Thursday, February 3, 2011

Catch a boat to England, Baby, Maybe to Spain

I really enjoy crate digging that turns up true lost artists that deserve a wider audience but are obscured by the fog of time. How is it that I've never heard Jackson C. Frank before? He is so deeply linked to some of my favorite artists of the 1960s & 70s -- Sandy Denny, Nick Drake, Simon & Garfunkel, and many other admirers. His story is extraordinarily sad, having survived a fire in his school as an 11-year old when a fireball from a furnace blast rolled through the halls and into his classroom, killing many students and leaving him permanently scarred.
In a pre-internet age the way information was transmitted, absorbed, and sent back out was obviously slower, but also somewhat random and odd. For instance, R&B performers who may have found little fame in their native US were embraced fanatically in England in subsequent years, elevated to icons of Northern Soul, and then much later the descendents of that thread emerged on US charts delivering back to us the sound of our own culture.

That process of exchange is clearly evident when Jackson C. Frank travelled from America to London in the mid 1960s, finding himself at the center of a folk boom, falling in with another expatriate there for similar inspiration, Paul Simon, and also becoming one of Sandy Denny's lovers.
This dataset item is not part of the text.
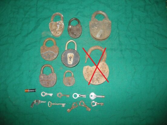 Аккуратный замой (крайний слева) — продан Замок с изображением льва — продан Аккуратный замок, с родным ключом, но всё заклёкло,…

His influence on Bert Jansch and Nick Drake are clear and acknowledged by both who recorded several of his songs. Frank recorded a single album before dropping out of music and into obscurity, rising briefly in later life a disheveled character with mental and physical problems stemming from the traumatic events of his teenage years, dying at age 56.
Here is a podcast telling his story and showcasing a number of his songs. Discovering his delicate, shattered songs is a musical revelation and helps connect a few more dots from a fertile period that seems to continue slowly giving up its gifts for posterity.